Skin microbiota-host interactions

Abstract

The skin is a complex and dynamic ecosystem that is inhabited by bacteria, archaea, fungi and viruses. These microbes-collectively referred to as the skin microbiota-are fundamental to skin physiology and immunity. Interactions between skin microbes and the host can fall anywhere along the continuum between mutualism and pathogenicity. In this Review, we highlight how host-microbe interactions depend heavily on context, including the state of immune activation, host genetic predisposition, barrier status, microbe localization, and microbe-microbe interactions. We focus on how context shapes the complex dialogue between skin microbes and the host, and the consequences of this dialogue for health and disease.

Figure 1. Crosstalk between skin microbiota and the host

a, Diverse microbes (viruses, fungi and bacteria) cover the skin surface and associated structures (hair follicles, sebaceous glands and sweat glands), possibly forming biofilms at some sites. These microbes metabolize host proteins and lipids and produce bioactive molecules, such as free fatty acids, AMPs, phenol-soluble modulins (PSMs), cell wall components, and antibiotics^,. These products act on other microbes to inhibit pathogen invasion, on the host epithelium to stimulate keratinocyte-derived immune mediators such as complement and IL-1, and on immune cells in the epidermis and dermis. In turn, host products and immune cell activity influence microbial composition on the skin. b, The skin differs from the gut in its physical and chemical properties.

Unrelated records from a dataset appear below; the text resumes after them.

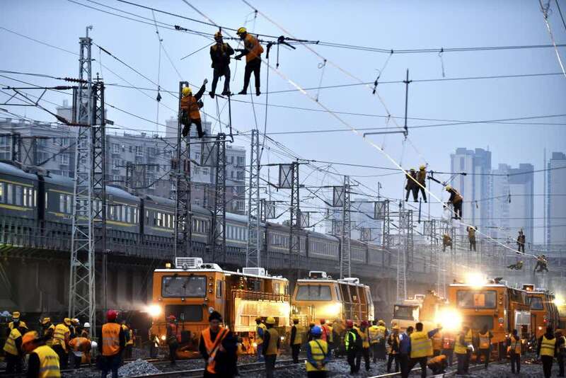 4月12日,在胶济铁路黄台站,中铁十局的工作人员在进行胶济铁路至济青高铁联络线黄台站改施工作业。新华社记者 郭绪雷 摄
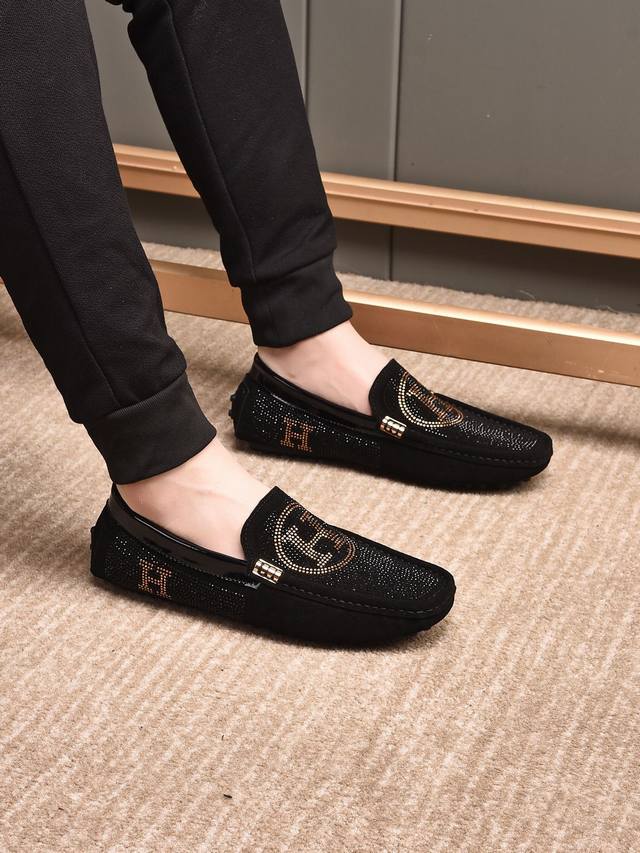 / Pp 潮牌款烫钻来袭 爱马仕豆豆男鞋 豆豆鞋男士超A超潮款时尚休闲驾车便鞋豆豆鞋 进口高丝光反毛皮面料 超滑质感 吸汗透气 猪皮内里 。鞋身烫钻Logo工艺标志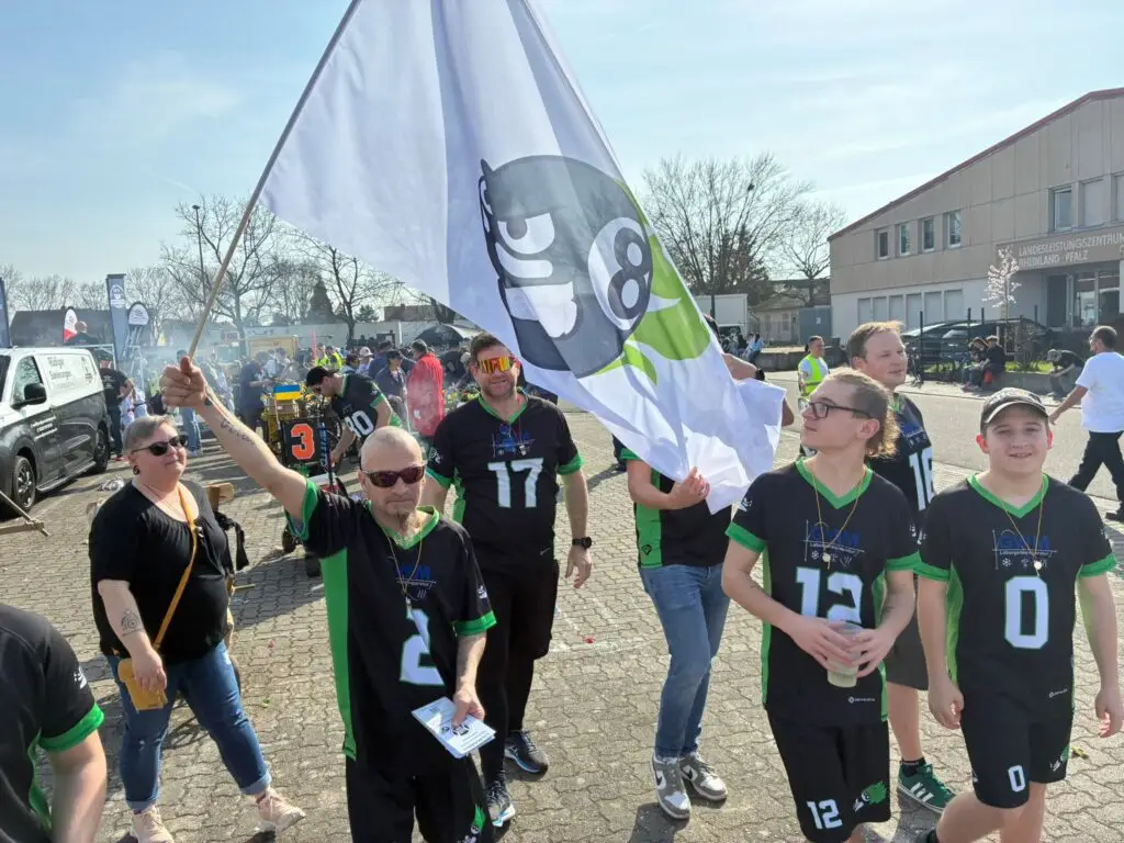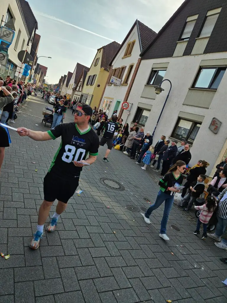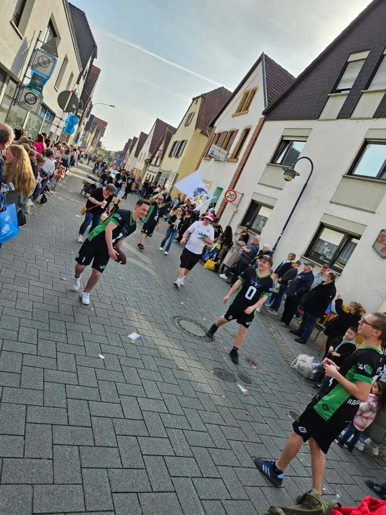 Auch optisch war unser Verein nicht zu übersehen. Alle Teilnehmer waren in einheitlicher Vereinskleidung unterwegs: Die Fußballer in Schwarz und Weiß, die Cheerleader in Schwarz und Rot und die Flagfootballer in Schwarz und Grün. Dieses farbenfrohe und zugleich geschlossene Erscheinungsbild kam bei den Zuschauern sehr gut an und sorgte für einen starken Auftritt des Vereins.

The skin is a dry, acidic, lipid-rich, high-salt environment without exogenous nutrient sources, and therefore has low microbial biomass. By contrast, the gut is moist and has abundant nutrients and a thick layer of mucin^,, enabling it to support much greater microbial biomass. While hair follicles become more anaerobic deeper into the follicle, crypts become more aerobic closer to the epithelium^,. In addition, material within crypts regularly exchanges with material in the gut lumen, owing to peristalsis, whereas hair follicles have narrow openings filled with sebum and keratinocytic debris, making them more isolated.

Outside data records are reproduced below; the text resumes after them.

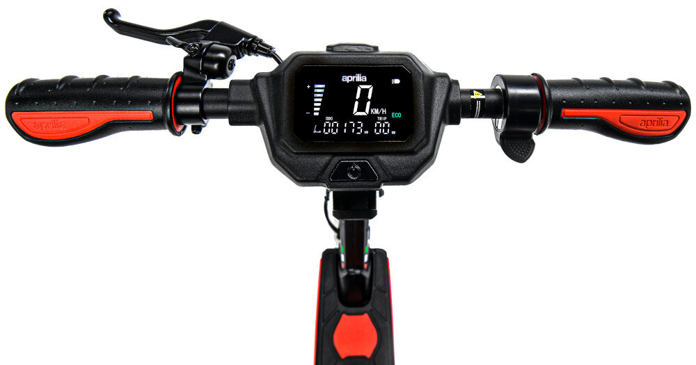 Zintegrowany z kierownicą kolorowy wyświetlacz LCD 3,5-calowy pozwala jednym spojrzeniem sprawdzić wszystkie istotne parametry i zarządzać wszystkimi ustawieniami w prosty i intuicyjny sposób.. Możesz odczytać aktualną prędkość, stan baterii czy wybrany tryb jazdy. Oprócz tego wyświetlacz posiada bardzo przydatną funkcję kodu błędu, który wyświetli się, gdy system wykryje błąd w działaniu APRILIA ESR1.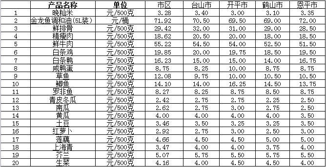 說明:1、表中價(jià)格為該地區(qū)監(jiān)測(cè)點(diǎn)綜合平均價(jià);2、“市區(qū)”含蓬江區(qū)、江海區(qū)、新會(huì)區(qū),價(jià)格分別采自蓬江市場(chǎng)、江南市場(chǎng)、城東市場(chǎng)等13家農(nóng)貿(mào)市場(chǎng);3、其他四個(gè)縣市價(jià)格分別采自新華市場(chǎng)、錦江市場(chǎng)等8家農(nóng)貿(mào)市場(chǎng)。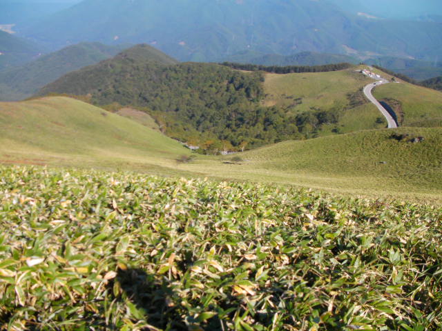 台上は車が通れないように道路を敢えて繋げていないのですが、牧場や宿泊施設の管理道路があり「指定許可車」のみ通行可能となっていて事実上台上通過ができる感じです。管理道路は登山道と兼用のため2時間ほどの滞在中に王が頭ホテルのマイクロバスと2回遭遇しましたが、宿泊者をほぼ満載で走っていました。道路工事用の重機と土砂搬入用のダンプも走っていて多少興醒めなところもありました。
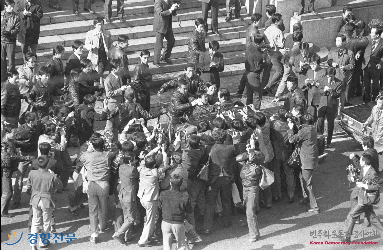 경찰에 의해 강제연행되는 원외투쟁하던 신민당 의원을 취재하는 기자들 모습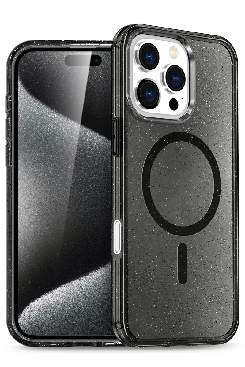 Joko iPhone 15 Pro Max Gleam PC Sert Magsafe Kılıf - Şeffaf-Siyah

Figure 2. Chemistry of the skin

The skin surface consists of a highly organized basketweave structure of keratinocytic proteins and lipids, which are produced by keratinocytes (epidermal lipids) and sebaceous glands (sebaceous lipids). Ceramides are unique to epidermal origin, whereas squalene and wax esters are unique to sebaceous origin, with variable composition under endocrine control. Other dominant skin lipids are cholesterol, triglycerides and free fatty acids (which are often microbial products). Some lipids, such as sphingosine and free fatty acids, demonstrate antimicrobial activity against bacteria, fungi, and viruses and may have immunomodulatory effects. Of keratinocytic proteins, more than 70% of the dry protein weight consists of loricrin, a glycine-rich protein that is thought to have important barrier properties.

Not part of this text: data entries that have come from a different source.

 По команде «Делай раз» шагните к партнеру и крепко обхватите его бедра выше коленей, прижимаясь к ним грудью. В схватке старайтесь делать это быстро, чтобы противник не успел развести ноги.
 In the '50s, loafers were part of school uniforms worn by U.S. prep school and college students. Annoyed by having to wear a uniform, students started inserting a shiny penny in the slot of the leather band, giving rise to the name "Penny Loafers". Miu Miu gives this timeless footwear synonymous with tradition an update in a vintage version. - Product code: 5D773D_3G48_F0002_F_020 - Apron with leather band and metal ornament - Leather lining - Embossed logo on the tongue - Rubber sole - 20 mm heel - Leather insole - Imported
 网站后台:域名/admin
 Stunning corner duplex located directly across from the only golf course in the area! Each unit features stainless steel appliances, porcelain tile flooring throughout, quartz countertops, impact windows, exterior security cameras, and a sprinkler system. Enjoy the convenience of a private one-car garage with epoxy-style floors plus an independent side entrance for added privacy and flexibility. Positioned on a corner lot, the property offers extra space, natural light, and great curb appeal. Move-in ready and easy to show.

Figure 3. Chemistry of microbial surfaces

Bacteria and fungi have diverse cell envelopes loaded with immunogenic molecules. Gram-negative bacteria (left) have two lipid bilayers separated by a peptidoglycan cell wall. The outer leaflet of the outer membrane is studded with an immunogenic lipoglycan called lipopolysaccharide (LPS), which has a lipid anchor and highly variable polysaccharide region called the O-antigen. In Escherichia coli, for example, 184 different O-antigen structures are known. Gram-positive bacteria (middle) lack an outer lipid bilayer but have a thicker peptidoglycan cell wall. Staphylococcus species have wall-bound and membrane-anchored teichoic acids, which are analogous to Gram-negative LPS, with a host-facing strain-specific branched polysaccharide. Corynebacterium and Mycobacterium species also have complex lipoglycans, called lipoarabinomannans. They also have a unique lipid outer layer made up of cell-wall-bound mycolic acids and other noncovalently bound glycolipids. Like Gram-positive bacteria, fungi (right) have only one lipid bilayer membrane. This is covered by a cell wall usually consisting of chitin and a β-D-glucan mesh. The outer layer of the fungal cell wall often contains heavily mannosylated proteins and sometimes a capsule of various polysaccharides. GlcNAc, N-acetylglucosamine.

Figure 4. Contextual pathogenicity

a, Microbes exhibit contextual pathogenicity along a spectrum. Host factors such as barrier breaches and immunosuppression bias microbes towards pathogenic behaviour, whereas homeostatic conditions bias them towards mutualistic behaviour. On the microbial side, virulence gene expression and microbe–microbe interactions can also push microbial behaviour to be mutualistic or pathogenic. In a mutualistic host–microbe relationship, the host provides nutrients, while the microbe promotes epithelial and immune homeostasis as well as pathogen resistance through microbial products and occupation of metabolic niches. In a pathogenic relationship, the microbe invades past the epithelium, causing inflammation, and sometimes also benefiting from a host inflammatory response. b, Both S. epidermidis and S. aureus are examples of contextual pathogenicity; S. epidermidis is biased towards mutualistic behaviour whereas S. aureus displays more pathogenic character.